OREANDA-NEWS. Deutsche Telekom’s SiMKo 3 security smartphone has successfully withstood testing by the German Federal Office for Information Security (BSI). This latest generation high-security cell phone, affectionately known as the "Merkel phone" after the German Chancellor, has officially obtained approval for security level VS-NfD (classified information for business use only). Members of the federal govern-ment and employees of ministries and federal authorities will therefore for the first time have access to a mobile device that incorporates the newly developed L4 high-security microkernel as its operating system for transmitting classified information.

The microkernel contains just 10,000 lines of program code in contrast to standard commercially available smartphones, which use millions of lines of code. Stephan Maihoff, who is responsible for SiMKo at Telekom, points out that "It is practically impossible to test such large operating systems which are also constantly being modified by subsequent development work. You cannot exclude the possibility of back doors. To counter the risk of hacking, we use a transparent kernel that leaves no hiding places for surprises and offers security from the inside out."

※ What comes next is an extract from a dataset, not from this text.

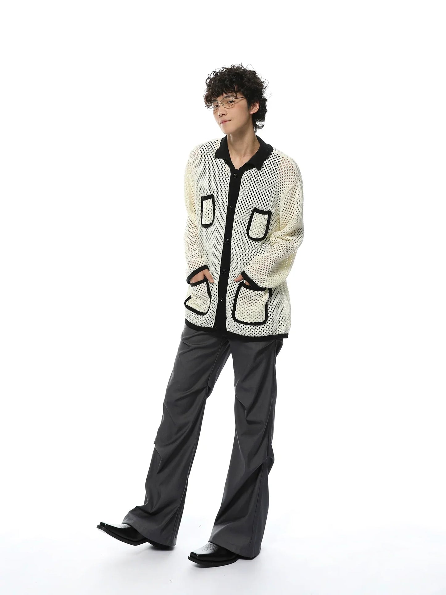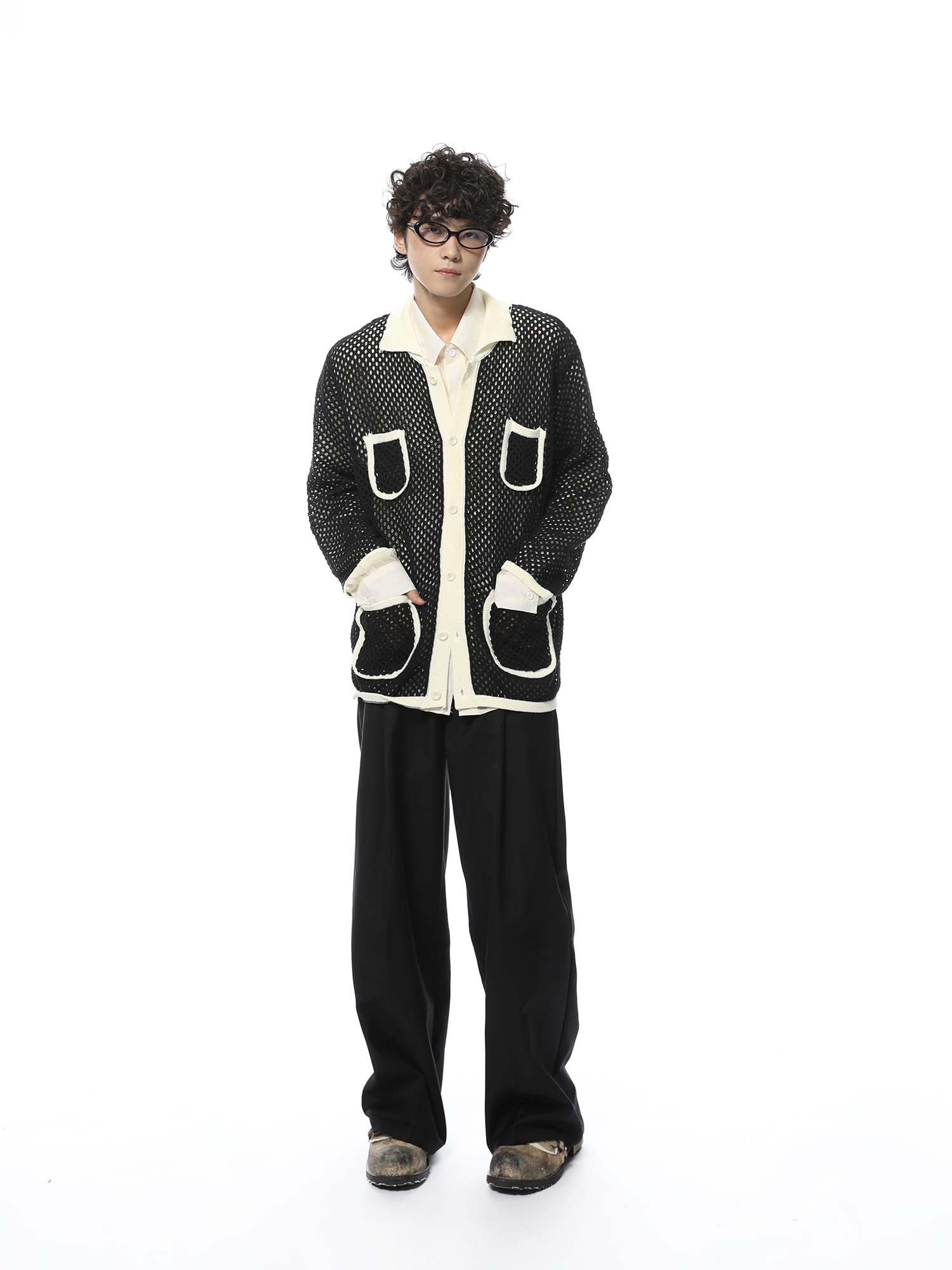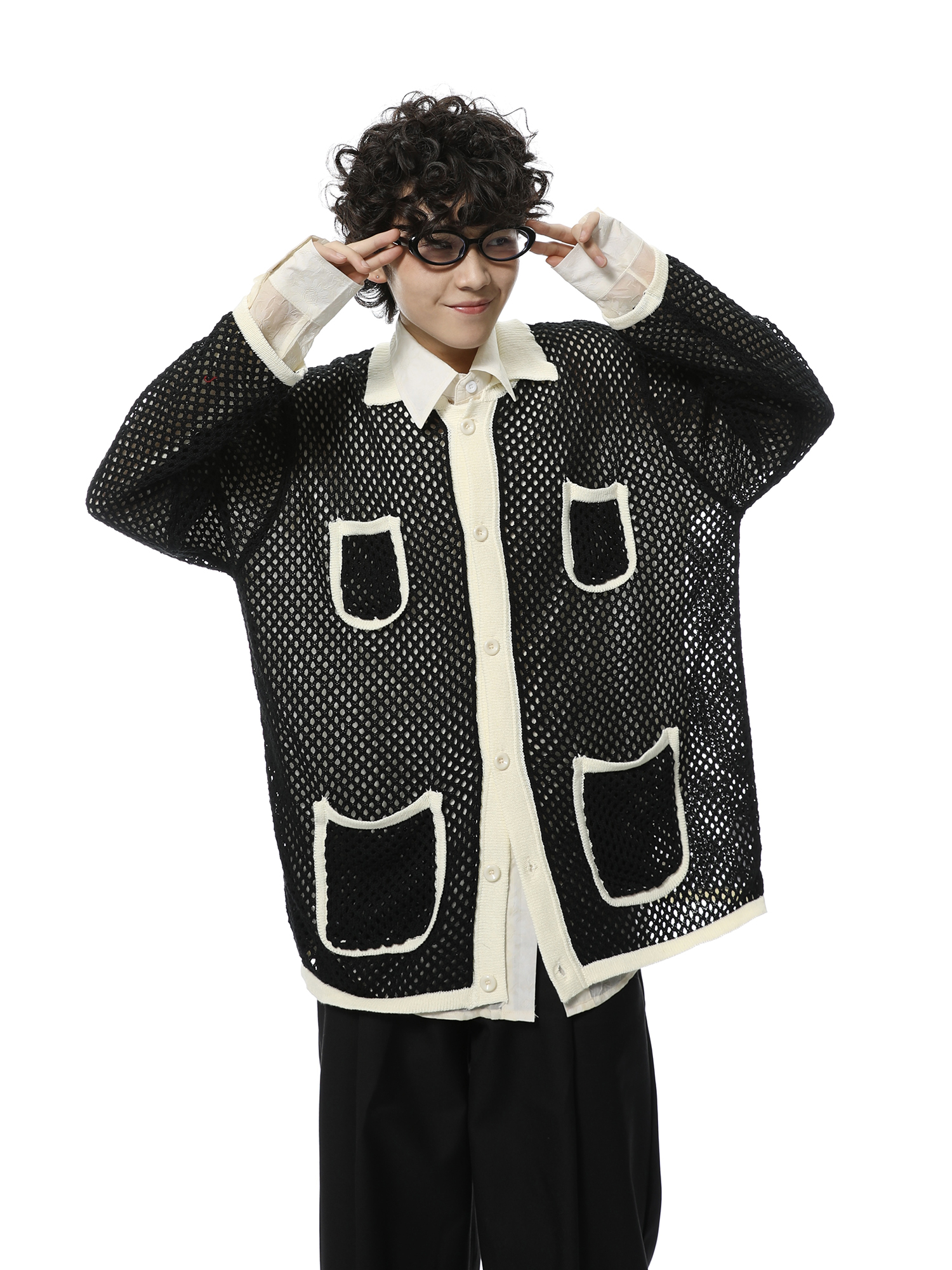 Elevate your style with our Oversized Mesh Cardigan. Made from high-quality materials. this cardigan features a unique oversized fit and contrast pockets. adding a modern touch to any outfit. The breathable mesh fabric ensures comfort and ventilation. making it perfect for any season. Stay chic and cozy with this must-have piece.

The microkernel and security technology are made in Germany.
Telekom exclusively uses companies based in Germany for the SiMKo 3's kernel and security technology. Certgate crypto cards are used and NCP ensures encrypted connections, both firms are based in Nuremberg. The L4 microkernel system was jointly developed by Dresden Technical University, Dresden start-up Kernkonzept, Telekom Innovation Laboratories and Berlin start-up Trust2Core.

Samsung intends to push ahead with secure telephony and surfing.
It was only possible to implement the kernel as a result of particularly close cooperation with Samsung. "Thanks to extensive cooperation between the SiMKo 3 project team and our development department, together we have managed to bring a high-security smartphone based on the GALAXY S3 to market. Customers who have exacting security requirements can now use one of the most successful smartphones in Germany as a mobile work device," says Dongmin Kim, President of Samsung Electronics Germany. "As the market leader, we are committed to taking secure telephony and data transmission forward."

L4 kernel makes two devices in one case possible - but keeps them strictly separate.
The sophisticated security technology in the new SiMKo is already up and running as soon as the smartphone is switched on and boots up. The L4 kernel immediately takes over complete control of the device and only permits operations that are secure. Another new feature of the SiMKo is the fact that it combines a secure device and an open device in one case. By simply swiping the screen, the user can toggle between secure and open operating modes in order to switch from composing a confidential message to obtaining train or flight information for instance. The L4 kernel makes sure that the open part of the smartphone does not pose a security risk. It makes it possible for the SiMKo 3 to run two separate operating systems that behave like two completely independent devices. Data on the open and on the secure side are strictly segregated thanks to the high level of isolation ensured by the microkernel. The user can install applications for both the open and the secure area. Programs can either be downloaded from a specially protected Telekom app store or from the customer's own servers.

Encrypted phone calls, remote deletion.
The SiMKo 3 is not only designed to handle data applications such as e-mail, calendar, contacts and tasks. It can be used out of the box as a tap-proof crypto phone which will in future offer encrypted phone calls based on Voice over IP using highly secure encryption methods. In addition, development of the government's official SNS Standard (Secure Multi-Network Voice Communication) will be completed in the next few months. If a device is lost, nobody can see what is stored in it. The Certgate crypto card takes care of user authentication and encrypts all data on the device. In addition, the content of the device can be deleted remotely.

Further development - SiMKo with LTE, tablets and notebooks.
The new SiMKo 3 is available right now and costs EUR 1,700 with a two-year contract. Telekom is already working on a SiMKo product range that includes tablets and notebooks for working from home. A SiMKo 3 model that supports the high-speed LTE wireless standard is coming soon.

Telekom's SiMKo devices are aimed at both the public sector and industry. Almost 90 percent of all companies equip their staff with mobile devices so that they can access corporate data from anywhere. However, many companies do not secure mobile data access adequately. If sensitive corporate data falls into the wrong hands this can have serious economic consequences as well as raising personal liability issues.

Mobile networks experience 30,000 attacks a month.
In 2012, Telekom's IT security experts logged 30,000 attacks against mobile networks every month on average, with the preferred means of attack via mobile devices. Hackers are becoming ever more systematic in their methods. Instead of generally watching for the weak points of smartphones and tablets, as was normal in the past, attackers now try to selectively read entire address books via mobile devices with the aim of stealing data or uploading a malware code in order to misuse the devices for their own purposes without being noticed.